July 09, 2015 12:49 am | Updated December 04, 2021 11:30 pm IST

The Russian town of Ufa, where Prime Minister Narendra Modi is attending the BRICS and Shanghai Cooperation Organisation (SCO) summits, is suddenly the most important city. President Hassan Rouhani will spend the week here even as the nuclear talks between the P5+1 and Iran have reached a critical point. President Xi Jinping will be there discussing the $100 billion BRICS-New Development Bank in a week the Chinese stock market has dropped 30 per cent of its value. President Ashraf Ghani will be there, soon after talks between the Taliban and the Afghan government in Pakistan, with Chinese and U.S. observers present. And Mr. Modi and Prime Minister Nawaz Sharif will have a bilateral meeting after more than a year. Each of Mr. Modi’s meetings will be important, but none perhaps more important than the reason he is attending the SCO: to begin the process of India’s admission into it.
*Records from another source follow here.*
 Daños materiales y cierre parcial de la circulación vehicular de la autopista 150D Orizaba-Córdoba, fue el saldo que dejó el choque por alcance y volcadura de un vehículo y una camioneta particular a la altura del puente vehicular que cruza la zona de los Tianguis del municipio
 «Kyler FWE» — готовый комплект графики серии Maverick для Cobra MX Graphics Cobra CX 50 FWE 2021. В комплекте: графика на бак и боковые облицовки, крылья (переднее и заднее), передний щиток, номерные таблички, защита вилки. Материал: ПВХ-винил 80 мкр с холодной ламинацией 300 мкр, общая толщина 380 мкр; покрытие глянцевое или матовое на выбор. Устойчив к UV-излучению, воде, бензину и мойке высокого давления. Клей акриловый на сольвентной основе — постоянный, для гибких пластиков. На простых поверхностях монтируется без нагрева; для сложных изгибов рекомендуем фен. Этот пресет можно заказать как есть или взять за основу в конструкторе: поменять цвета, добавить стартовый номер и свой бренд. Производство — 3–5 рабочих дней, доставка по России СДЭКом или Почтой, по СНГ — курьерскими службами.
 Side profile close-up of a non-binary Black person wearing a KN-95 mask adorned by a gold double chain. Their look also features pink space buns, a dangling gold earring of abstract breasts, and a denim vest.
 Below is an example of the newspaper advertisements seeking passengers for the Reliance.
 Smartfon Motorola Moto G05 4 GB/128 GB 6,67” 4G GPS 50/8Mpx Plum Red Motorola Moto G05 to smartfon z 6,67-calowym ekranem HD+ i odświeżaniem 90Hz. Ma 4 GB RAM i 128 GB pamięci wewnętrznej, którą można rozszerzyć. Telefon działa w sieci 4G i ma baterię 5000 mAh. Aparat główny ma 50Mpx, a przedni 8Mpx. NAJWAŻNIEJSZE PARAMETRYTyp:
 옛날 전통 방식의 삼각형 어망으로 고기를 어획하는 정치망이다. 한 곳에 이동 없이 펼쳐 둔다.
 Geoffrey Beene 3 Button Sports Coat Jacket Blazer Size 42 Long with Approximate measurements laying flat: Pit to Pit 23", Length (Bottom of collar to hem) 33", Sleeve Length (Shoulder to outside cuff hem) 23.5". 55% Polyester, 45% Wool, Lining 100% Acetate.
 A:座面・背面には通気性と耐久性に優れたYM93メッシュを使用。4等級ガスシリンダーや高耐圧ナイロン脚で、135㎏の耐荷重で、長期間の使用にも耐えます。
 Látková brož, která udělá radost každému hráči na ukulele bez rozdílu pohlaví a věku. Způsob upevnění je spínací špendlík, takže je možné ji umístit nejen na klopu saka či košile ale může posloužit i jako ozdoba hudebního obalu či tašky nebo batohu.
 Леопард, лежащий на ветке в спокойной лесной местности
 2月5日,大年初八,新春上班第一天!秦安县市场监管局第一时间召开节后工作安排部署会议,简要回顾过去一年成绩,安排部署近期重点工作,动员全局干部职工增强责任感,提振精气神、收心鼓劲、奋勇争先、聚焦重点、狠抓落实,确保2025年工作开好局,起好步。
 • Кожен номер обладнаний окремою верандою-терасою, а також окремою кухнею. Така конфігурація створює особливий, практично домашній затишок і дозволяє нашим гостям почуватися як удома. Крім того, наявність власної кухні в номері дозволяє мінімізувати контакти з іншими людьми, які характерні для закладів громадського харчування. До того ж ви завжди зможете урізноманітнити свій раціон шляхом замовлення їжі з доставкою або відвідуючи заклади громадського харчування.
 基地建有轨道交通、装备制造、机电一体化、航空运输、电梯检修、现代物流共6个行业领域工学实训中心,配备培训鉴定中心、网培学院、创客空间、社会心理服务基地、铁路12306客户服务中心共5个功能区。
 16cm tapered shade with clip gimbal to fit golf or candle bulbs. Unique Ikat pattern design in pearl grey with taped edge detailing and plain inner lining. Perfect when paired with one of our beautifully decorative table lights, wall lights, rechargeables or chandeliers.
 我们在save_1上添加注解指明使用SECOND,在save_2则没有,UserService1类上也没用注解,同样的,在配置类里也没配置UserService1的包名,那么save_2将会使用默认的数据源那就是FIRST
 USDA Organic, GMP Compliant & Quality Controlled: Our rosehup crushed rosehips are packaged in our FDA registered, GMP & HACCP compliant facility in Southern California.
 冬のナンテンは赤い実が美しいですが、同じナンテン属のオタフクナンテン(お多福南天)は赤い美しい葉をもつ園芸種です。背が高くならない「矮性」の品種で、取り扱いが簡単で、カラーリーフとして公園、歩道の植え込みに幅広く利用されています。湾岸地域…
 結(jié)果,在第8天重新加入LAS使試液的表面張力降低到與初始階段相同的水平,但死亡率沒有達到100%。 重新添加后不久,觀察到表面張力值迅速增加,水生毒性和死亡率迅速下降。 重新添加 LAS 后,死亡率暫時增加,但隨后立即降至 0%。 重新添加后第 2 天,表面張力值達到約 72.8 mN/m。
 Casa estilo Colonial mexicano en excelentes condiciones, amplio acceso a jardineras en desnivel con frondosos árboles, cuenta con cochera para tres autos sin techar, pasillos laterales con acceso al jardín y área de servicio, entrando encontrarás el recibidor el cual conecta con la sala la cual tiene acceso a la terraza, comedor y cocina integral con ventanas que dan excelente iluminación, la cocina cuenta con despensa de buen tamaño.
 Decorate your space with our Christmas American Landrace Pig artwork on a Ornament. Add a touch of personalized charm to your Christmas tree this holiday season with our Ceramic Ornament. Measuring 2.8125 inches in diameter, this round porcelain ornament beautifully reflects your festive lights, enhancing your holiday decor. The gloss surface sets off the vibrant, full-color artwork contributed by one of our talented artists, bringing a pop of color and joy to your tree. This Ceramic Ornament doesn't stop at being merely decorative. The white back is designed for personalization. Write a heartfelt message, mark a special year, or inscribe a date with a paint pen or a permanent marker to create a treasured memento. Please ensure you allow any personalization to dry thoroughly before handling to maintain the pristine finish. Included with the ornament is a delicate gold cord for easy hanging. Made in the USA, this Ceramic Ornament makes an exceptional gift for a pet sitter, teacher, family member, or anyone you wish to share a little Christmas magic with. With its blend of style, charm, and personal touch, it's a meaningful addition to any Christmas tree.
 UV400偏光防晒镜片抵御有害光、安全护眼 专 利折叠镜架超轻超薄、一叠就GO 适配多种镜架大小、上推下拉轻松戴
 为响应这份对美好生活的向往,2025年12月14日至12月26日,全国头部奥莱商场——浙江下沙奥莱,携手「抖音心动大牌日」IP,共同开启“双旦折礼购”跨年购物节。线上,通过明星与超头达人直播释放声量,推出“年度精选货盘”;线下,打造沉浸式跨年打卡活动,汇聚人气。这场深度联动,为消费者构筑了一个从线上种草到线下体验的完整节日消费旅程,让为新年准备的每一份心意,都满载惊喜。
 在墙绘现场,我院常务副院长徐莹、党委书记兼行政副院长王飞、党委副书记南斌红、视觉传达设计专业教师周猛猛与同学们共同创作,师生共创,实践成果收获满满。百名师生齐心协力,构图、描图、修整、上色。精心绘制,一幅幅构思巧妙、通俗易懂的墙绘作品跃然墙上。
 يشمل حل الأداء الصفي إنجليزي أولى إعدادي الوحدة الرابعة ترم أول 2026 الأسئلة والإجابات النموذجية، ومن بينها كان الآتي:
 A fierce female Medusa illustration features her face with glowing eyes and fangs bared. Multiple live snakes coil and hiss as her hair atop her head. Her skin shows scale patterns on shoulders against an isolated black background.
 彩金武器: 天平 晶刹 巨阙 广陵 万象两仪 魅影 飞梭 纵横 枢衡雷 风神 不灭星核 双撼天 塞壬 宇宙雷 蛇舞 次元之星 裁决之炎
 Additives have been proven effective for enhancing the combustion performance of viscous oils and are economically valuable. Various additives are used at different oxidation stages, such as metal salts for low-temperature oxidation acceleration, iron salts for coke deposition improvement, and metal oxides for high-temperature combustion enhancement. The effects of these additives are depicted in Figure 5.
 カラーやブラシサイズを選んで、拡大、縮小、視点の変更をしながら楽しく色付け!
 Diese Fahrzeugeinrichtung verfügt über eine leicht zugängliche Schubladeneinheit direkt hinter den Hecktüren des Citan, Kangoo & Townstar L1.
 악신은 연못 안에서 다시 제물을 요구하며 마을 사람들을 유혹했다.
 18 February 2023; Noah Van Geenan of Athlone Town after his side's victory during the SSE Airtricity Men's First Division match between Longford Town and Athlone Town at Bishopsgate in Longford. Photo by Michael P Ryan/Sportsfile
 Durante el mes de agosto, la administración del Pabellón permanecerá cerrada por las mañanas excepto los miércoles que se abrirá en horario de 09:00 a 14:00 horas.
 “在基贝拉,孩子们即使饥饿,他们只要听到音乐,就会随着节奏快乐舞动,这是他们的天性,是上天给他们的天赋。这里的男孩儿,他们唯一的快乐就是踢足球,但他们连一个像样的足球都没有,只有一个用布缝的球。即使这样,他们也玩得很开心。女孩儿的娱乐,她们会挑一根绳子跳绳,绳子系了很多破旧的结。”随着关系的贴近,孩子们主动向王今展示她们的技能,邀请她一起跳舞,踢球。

India’s membership of the SCO is significant. To begin with, it opens up trade, energy and transit routes between Russia and China that pass through Central Asia, that were hitherto closed to India. Iran’s observer status will ensure the SCO serves as a platform for India to discuss trade through the Iranian ports of Bandar Abbas and Chabahar, and link them to the Russian proposal for a North-South Transport Corridor. This circumvents India’s situation of being hemmed in owing to lack of access to markets through Pakistan. While the SCO charter disallows bilateral issues being taken up, the security grouping provides a platform for India and Pakistan to discuss them, as it will when Mr. Modi and Mr. Sharif meet. With Russia and China taking the lead, the SCO could even prove a guarantor for projects such as the TAPI (Turkmenistan-Afghanistan-Pakistan-India) and IPI (Iran-Pakistan-India) pipelines that India has held off on security concerns. The SCO summit will provide a valuable interface to engage with Afghanistan’s neighbours at a time when so much is changing in its security outlook, between the international troop pullout and talks with the Taliban. Finally, the SCO is an important counter-balance to India’s perceived tilt towards the U.S. and its allies on security issues. In a politically polarised world, with the U.S. and Europe pitted against Russia and China and where all the powers are economically interlinked, India’s best hope to emerge a leader lies in its ability to bridge the two. Speaking at the Nazarbayev University in Astana, Mr. Modi said Central Asia’s importance faded because it became “a new fault-line between great empires to the east, west and south”. In that sense, India’s emergence now depends on striving to be a bridge, not a fault-line, in full balance with the great powers globally.